凹んでいたらびっくりを通り越して笑っちゃいそう。
「風呂事情〜?さっき作った現場を見ていただろう?」
何言ってんの?の表情のジェイクにサーシャは
「そっちじゃないよ!液体の方だよ!」
「「「あぁ、頭用あわあわ液か」」」
「な、なんだよその可愛いネーミングはっ!というか、え?頭用なの?全身用じゃなくて?顔に使っちゃダメだった?」
可愛いのかよっ!
このネーミングセンスは、この国共通かい?
それに、使っちゃったんだ。全身に。顔にも。
「液体の加工はデイジー!あの香りはハンナ!二人の合作だろう!?」
仕切り直してからの発言は、さすが商人って感じ。
「そうだけど?」
準備されたお茶をソファに座って飲み、いつの間にやら外装を寄木細工に変えた“ドライヤー一号改“にOKを出したハンナは、何を今更って顔をしている。
でも、知らない人が使ったらびっくりしちゃうからね?
「欲しい!!絶対に欲しい!!見てよこの髪!」
と、濡れておろされた長い髪をみんなに見せようとしたところで、“ドライヤー一号改“を持ったクオンがシュパッと現れ、スイッチを入れてサーシャの髪に向ける。
「うわっぷ!な、な、なにすっ!」
髪と顔に温風が直撃し、おしゃべりが続かないサーシャだったが、その温風はすぐに止まった。
「え?乾いて?」
サーシャの髪は頭用あわあわ液によりサラサラの艶やかで、短時間の乾燥でキューティクルが締まり、淡く光って波打っている。
「な、な、なんじゃこりゃー!!」
「落ち着いてください、サーシャ、いつも通りです。(ボソリ)」
「どこがいつも通りだい!!あぁぁ!両方欲しいーーー!!」
「まだダメよ!」「まだまだ改善の余地があるの。」
ハンナとデイジーが拒否する。
「え、で、でも、あれでも十分…」
「ダメよ!」「シャンプー、コンディショナー、ボディソープを仕上げるまでは!」
「な、なんだいそれは?」
「「秘密よ!」」
「ぐぅぅ…。完成されたら一番に連絡をくれっ!」
「「約束できないわ。」」
「なんでだよっ!アタイは早く使いたいっ!」
「諦めましょう、サーシャ。(ボソリ)」
「ぐぬぬぬっ!!」
サーシャを揶揄って遊ぶ大人たちと暴れるサーシャを見ていて、ルークは気がついてしまった。
サーシャの鼻の傷、消えてない?
あの時デイジーが塗った液体は多分薬だ。
こんな短時間で血が出るような傷を消えるほど治せるもの?
トーマスのヒールで切り傷が治せる程度と言っていたから、そういう塗り薬があるのかも。

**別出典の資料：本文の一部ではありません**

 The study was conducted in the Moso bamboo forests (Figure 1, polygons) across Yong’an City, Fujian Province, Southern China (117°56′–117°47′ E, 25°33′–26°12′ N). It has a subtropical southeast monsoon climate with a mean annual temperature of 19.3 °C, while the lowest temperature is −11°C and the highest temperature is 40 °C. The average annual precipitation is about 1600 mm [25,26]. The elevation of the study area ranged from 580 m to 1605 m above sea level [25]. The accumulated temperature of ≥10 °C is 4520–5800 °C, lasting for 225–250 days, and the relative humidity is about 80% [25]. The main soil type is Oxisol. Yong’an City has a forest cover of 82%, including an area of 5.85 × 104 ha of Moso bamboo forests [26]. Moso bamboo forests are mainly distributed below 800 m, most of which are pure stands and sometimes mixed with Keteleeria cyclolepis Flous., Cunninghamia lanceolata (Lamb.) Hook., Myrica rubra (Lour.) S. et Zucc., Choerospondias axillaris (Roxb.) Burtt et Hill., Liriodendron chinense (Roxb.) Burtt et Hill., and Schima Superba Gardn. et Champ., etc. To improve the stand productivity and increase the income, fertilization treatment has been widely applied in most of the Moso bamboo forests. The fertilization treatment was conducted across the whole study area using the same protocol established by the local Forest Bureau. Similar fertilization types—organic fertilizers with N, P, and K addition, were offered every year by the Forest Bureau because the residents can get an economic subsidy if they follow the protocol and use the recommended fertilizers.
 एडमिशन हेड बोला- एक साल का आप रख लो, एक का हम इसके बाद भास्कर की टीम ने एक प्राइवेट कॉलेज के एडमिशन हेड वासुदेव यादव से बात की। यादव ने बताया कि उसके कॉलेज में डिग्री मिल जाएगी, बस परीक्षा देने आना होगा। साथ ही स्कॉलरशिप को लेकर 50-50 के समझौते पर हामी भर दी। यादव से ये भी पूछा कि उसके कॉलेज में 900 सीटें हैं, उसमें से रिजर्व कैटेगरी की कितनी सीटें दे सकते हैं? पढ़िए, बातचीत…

そういえば、トーマスの二個目のスキル「草-創薬」は使えるようになっただろうか。
ルークの思考は進んでいく。
デイジーの右手が光ったことを置き去りにして。
サーシャが鼻をぶつけた扉とは反対の扉が開いてキースとアイリスが戻ってきた。
キースはルークのお風呂中に、安心君のバンドを試作し、アイリスは安心君を八つ、音声付与をする前の段階まで仕上げてきていた。
「サーシャ、これお願いね。」
「任せてくれ!『音声付与』」
サーシャが光り、安心君も光る。
デイジーはアイリスとキース、サーシャの顔色をじっと見つめ、にこりと微笑む。
ルークはその確認のためにも仕上がった安心君を一つ掴んで、三人の手首にそっと当て、魔力残量の確認をする。
光った色はオレンジ、オレンジ、オレンジ。
「今日のスキル使用は以上です!終了!」
と、声に出して、みんなに微笑ましがられるが、知ったことか。みんなが元気で居てくれたらそれで良いのだ。ふんふん!
ルークのその満足げな顔を見たサーシャは
「うわっ!やっぱりこの子の表情はめちゃくちゃ可愛いじゃないかっ!」
サーシャにまたしてもルークの満足げな顔が刺さったらしく、目が愛でる色に染まった。
クオンはそんなサーシャを見ているが、そんなサーシャも可愛いなと思うだけで、いつもの焦燥感は湧いてこない。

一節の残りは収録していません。